AI in drug discovery

Published by , 17/11/2021

By Itzelle Medina Perea

Patterns in Practice explores how practitioners’ beliefs, values and feelings interact to shape how they engage with and in data mining and machine learning—forms of ‘narrow AI’. We are paying attention to these cultural factors because they play a key role in shaping how the adoption and application of this type of AI unfolds in different contexts.

On Patterns in Practice, we are exploring practitioners’ cultures in the domains of drug discovery, learning analytics and arts practice. This post is the first in a three-part series providing an overview of the use of AI techniques in the different domains explored in Patterns in Practice. Here, we focus on drug discovery in the pharmaceutical industry.

We begin by explaining how these techniques are used in this context, before exploring the main issues identified by those who work with them and discussing future prospects for AI in the field.

The return to AI

In the drug discovery field, as in many others, such as healthcare, education, and financial services, Artificial Intelligence, and in particular machine learning (ML), are increasingly gaining popularity. In recent years, a number of big pharma companies have started working in partnership with technology firms. An example is a recent partnership between Novartis and Microsoft, which gave birth to the Novartis AI Innovation Lab.

The current wave of excitement for AI in the drug discovery field began in the late 20th and early 21st centuries (Yang et al., 2019) – however, AI techniques in this field are not new.  Prior to this wave of enthusiasm, AI had two peaks, one in the 1960s and another in the 1980s. In both cases, the interest faded after a short period of excitement. Finally, after a long winter, AI methods regained popularity in the late 20th and early 21st centuries, fuelled by the rapid growth of available data, the increase in computing power, the development of new methods for processing data, and the optimisation of machine learning algorithms.

The rebirth of AI has provoked mixed reactions among the drug discovery community. It has brought excitement and enthusiasm, but has also been a source of fear, anxiety and scepticism. Companies adopted strategies trying to ensure they were not left behind, and – initially at least – some practitioners expressed concern about potential job losses.

The promise of AI for the pharmaceutical industry

In recent years, machine learning (ML) techniques have gained much attention, becoming one of the most important topics in the field. Some say that they provide significant opportunities to improve efficiency in all stages of the drug discovery process. For example, ML techniques can be used to learn from chemical data or to compare or further develop existing methods, to predict undesired properties of compounds or properties associated with the absorption, distribution, and toxicity of a compound.
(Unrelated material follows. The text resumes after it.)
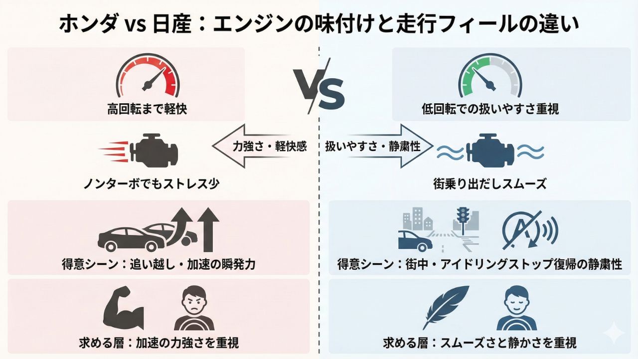 3. 燃費とパワーのバランス:ホンダと日産のエンジン特性の違い
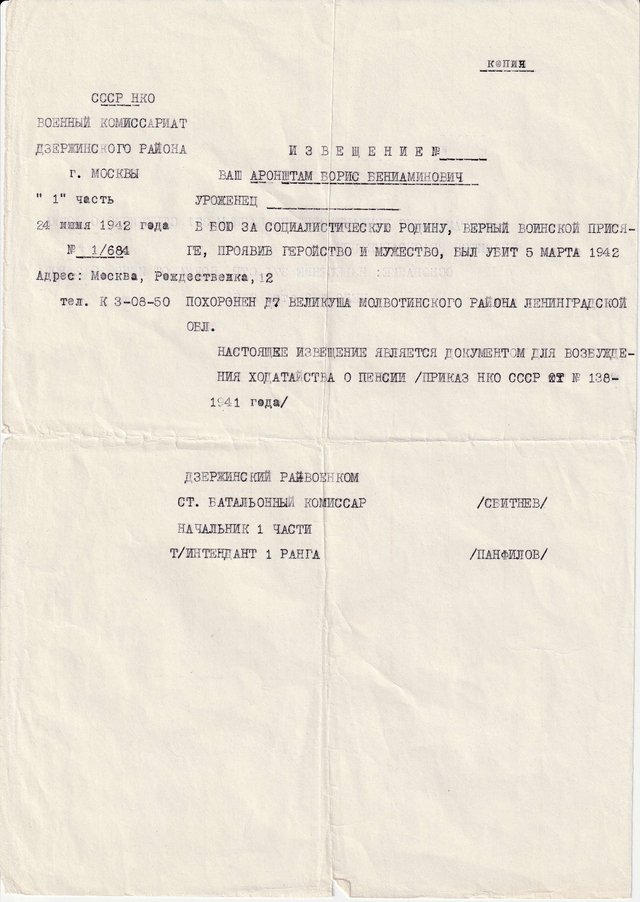 Описание: официальный документ военкомата, подтверждающий гибель 5 марта 1942 года и место первичного захоронения.

The promise of AI to the pharmaceutical industry is to offer “better drugs, discovered and delivered faster”. The combination of the power of computers, the availability of large datasets, and the “improving algorithms” has motivated some in the drug discovery arena to believe that we are not far from breakthrough discoveries. Some go as far as arguing that in the future AI methods will be able to mimic and even surpass “the chemical intuition and decision making of expert scientists”

AI scepticism

However, others have expressed more cautious and sceptical views arguing that “these methods still have much to prove”. They also observe that many technologies that have been introduced in the past with the expectation of transforming the field have failed to deliver the expected results. Schneider and colleagues have warned that scientists should not overlook the limitations of AI and advise “not to place all one’s eggs in the machine learning basket”.
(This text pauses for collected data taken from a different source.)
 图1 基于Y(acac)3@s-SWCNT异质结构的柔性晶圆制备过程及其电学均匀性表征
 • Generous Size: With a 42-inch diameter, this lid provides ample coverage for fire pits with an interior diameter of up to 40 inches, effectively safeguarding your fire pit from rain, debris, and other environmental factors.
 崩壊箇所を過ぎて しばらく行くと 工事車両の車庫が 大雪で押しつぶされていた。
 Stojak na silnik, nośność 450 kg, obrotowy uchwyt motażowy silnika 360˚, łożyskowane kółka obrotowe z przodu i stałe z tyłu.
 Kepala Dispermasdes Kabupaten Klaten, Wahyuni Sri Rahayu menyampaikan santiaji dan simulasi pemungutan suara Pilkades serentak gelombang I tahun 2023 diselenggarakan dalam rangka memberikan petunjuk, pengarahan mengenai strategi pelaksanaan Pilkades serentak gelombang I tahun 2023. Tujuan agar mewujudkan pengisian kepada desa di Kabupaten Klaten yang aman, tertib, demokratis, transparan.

The scepticism concerning the claims about the transformative power of AI techniques in the pharmaceutical community has led some to call for demonstrations of their usefulness in complex tasks before fully embracing them. For Zhavoronkov and colleagues, the best way of demonstrating this would be to launch a drug for a severe disease, developed completely using AI systems.
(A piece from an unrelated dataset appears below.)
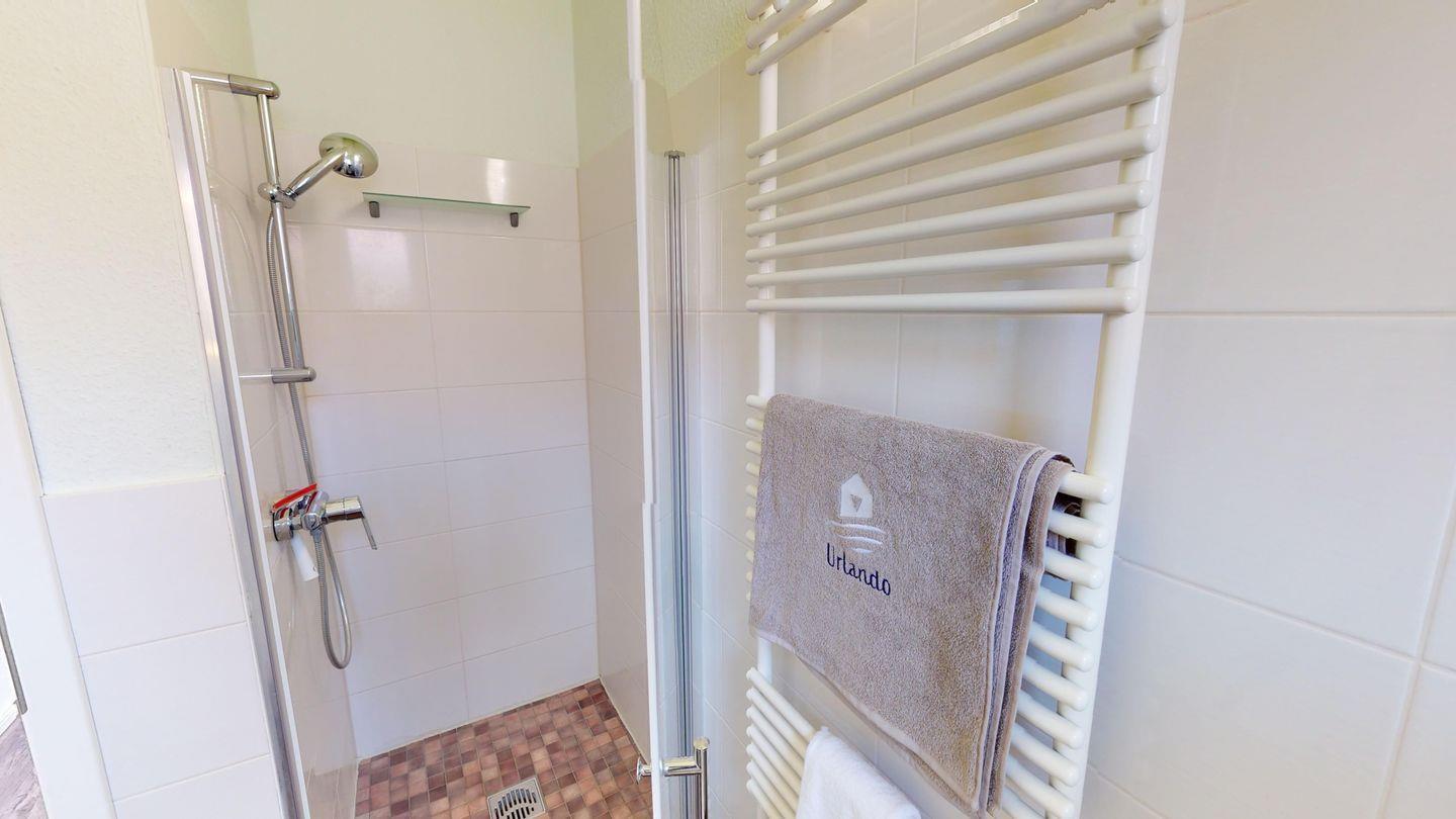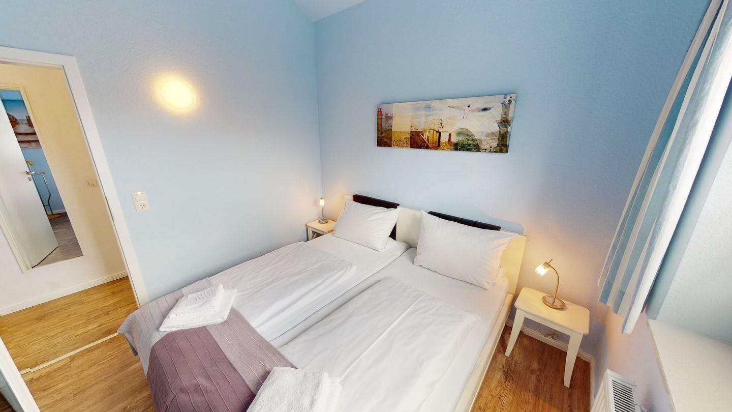 Ein Schlafzimmer verfügt über ein Doppelbett, das andere über zwei komfortable Einzelbetten. Es gibt ein helles Badezimmer mit WC und bodengleicher Dusche.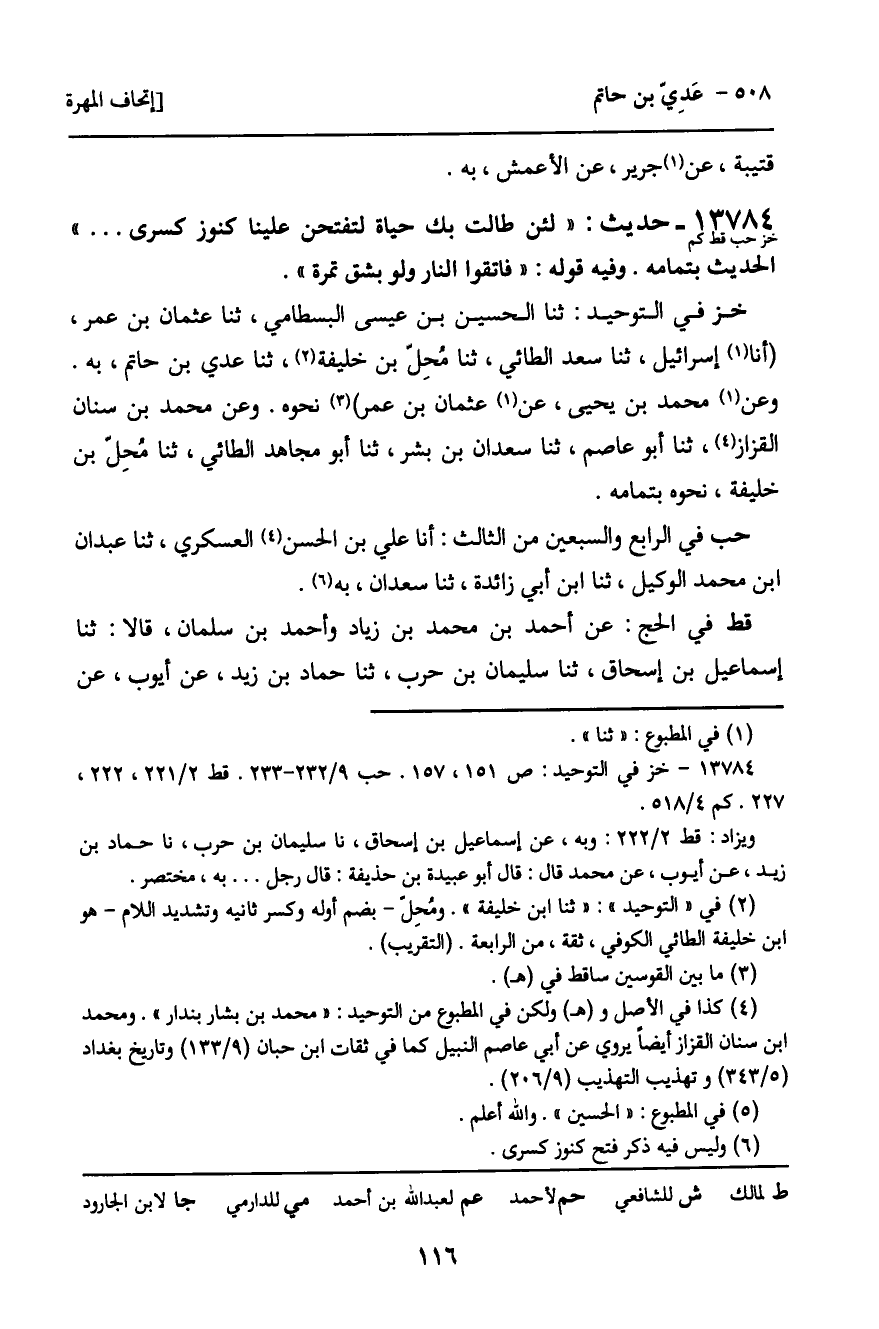 خز فِي التَّوْحِيدِ: ثنا الْحُسَيْنُ بْنُ عِيسَى الْبِسْطَامِيُّ، ثنا عُثْمَانُ بْنُ عُمَرَ، أنا إِسْرَائِيلُ، ثنا سَعْدٌ الطَّائِيُّ، ثنا مُحِلُّ بْنُ خَلِيفَةَ، ثنا عَدِيُّ بْنُ حَاتِمٍ، بِهِ. وَعَنْ مُحَمَّدِ بْنِ يَحْيَى، عَنْ عُثْمَانَ بْنِ عُمَرَ، نَحْوَهُ. وَعَنْ مُحَمَّدِ بْنِ سِنَانٍ الْقَزَّازِ، ثنا أَبُو عَاصِمٍ، ثنا سَعْدَانُ بْنُ بِشْرٍ، ثنا أَبُو مُجَاهِدٍ الطَّائِيُّ، ثنا مُحِلُّ بْنُ خَلِيفَةَ، نَحْوَهُ بِتَمَامِهِ.

Here, as in other fields where machine learning approaches have been adopted, a key issue is the black-box nature of these methods. Results generated through their application are difficult to interpret and repeat. The ideal scenario for scientists would be that they are able to interpret machine learning models. Scientists want to understand the ‘why?’ behind the suggestions provided by an AI system, so they can analyse the explanation and determine whether it aligns with theoretical and experimental foundations, and define the confidence level in the prediction.

Mind or machine?

Those who believe that AI and ML are not magic bullets have generally envisaged a future in which mind and machine will continue working together across the different stages of the drug discovery process. They see that incorporation of AI approaches offers the potential to increase efficiency in some parts of the drug discovery pipeline, but that their role must not be overestimated. This is because a key limitation of AI is that it only brings one component of intelligence – prediction, but does not bring intelligence as a whole. These scientists assert that a final decision should always be made by a human, and novel ideas cannot be extracted from data.

Understanding data cultures in drug discovery

As we can see, AI methods have provoked mixed reactions among practitioners in the drug discovery field and also that, perhaps unsurprisingly, here as in other contexts, the black-box nature of these methods is a key issue. However, we know little about how the values, beliefs and feelings of practitioners shape how they engage with these forms of ‘narrow AI’. Through exploring these core components of practitioners’ cultures in the sector – as well as in education and the arts – we aim to build a rich picture of how they are shaping the adoption and application of data mining and machine learning in different contexts.